In Vivo Retinal Vein Bypass Surgery in a Porcine Model

, , , , , & show all
Pages 79-87 | Received 04 Sep 2014, Accepted 04 Dec 2014, Published online: 30 Dec 2014
 

Abstract

Purpose: To evaluate the feasibility of retinal vein bypass surgery for induced branch retinal-vein occlusion (BRVO) in the living porcine eye.

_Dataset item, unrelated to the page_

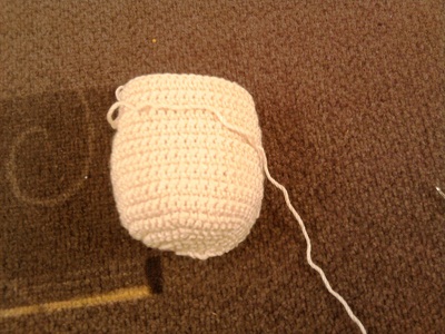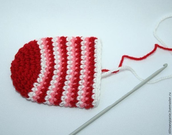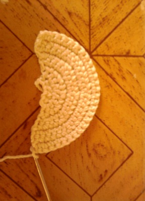 На скользящей петле делаем 9 С-ков Б/Нак и так вяжем 9 рядов. На 10-ом убираем по 3 петли, набиваем наполнителем и пришиваем

Methods: Fifteen minipigs were used in the study. Seven days before vascular surgery, hyaluronidase and plasmin were intravitreally injected for induction of posterior vitreous detachment. Aspirin and warfarin were oral administered daily starting 5 d prior to vascular surgery for anti-coagulation. The minipigs were anethetized with an intraperitoneal injection of 300 mg/kg chloral hydrate for intravitreal injection procedure and vascular surgery. Temporary keratoprosthesis vitrectomy was performed, and intraoperative video fluorescein angiography (VFA) was possible. The central and posterior vitreous was removed together with the posterior hyaloid membrane to facilitate vascular maneuvers. BRVO was induced by bipolar diathermy on the vein at the main vein’s first branching. Polyimide tubes (50.8-μm internal diameter and 7.6-μm wall thickness) were used as artificial vessels. Vascular manipulation was performed in a bimanual manner. Both end of a prepared tubing was inserted into venous lumen by puncturing and catheterization, and the vein bypass bridging the occlusion was created. Then, the patency of the bypass graft was assessed by intraoperative VFA.

Results: The retinal vein bypass surgery was surgically accomplished in 33% (5/15) of the eyes, and the immediate graft patency was confirmed by intraoperative VFA only in one eye. We observed and recorded fluorescein flow from the branch vein to the main vein through the bypass graft which bridging the occlusive vein segment.

Conclusions: We demonstrated the feasibility of retinal vein bypass for induced BRVO in the living porcine eye, and the immediate graft patency was successfully evaluated by intraoperative VFA. Despite the potential, there are still some significant hurdles in vivo retinal vein bypass surgery, and modification of both surgical instruments and maneuvers is needed for further study.

Declaration of interest

This work was supported by Ministry of Health Research Foundation (WKJ2010-2-018) and Major Issue Funded Project of Eye Hospital of Wenzhou Medical College (YNZD201003) and National Natural Science Foundation of China (Grant Nos. 50675008 and 51175013). None of the authors has a proprietary interest. The authors report no conflict of interest. The authors alone are responsible for the content and writing of the article.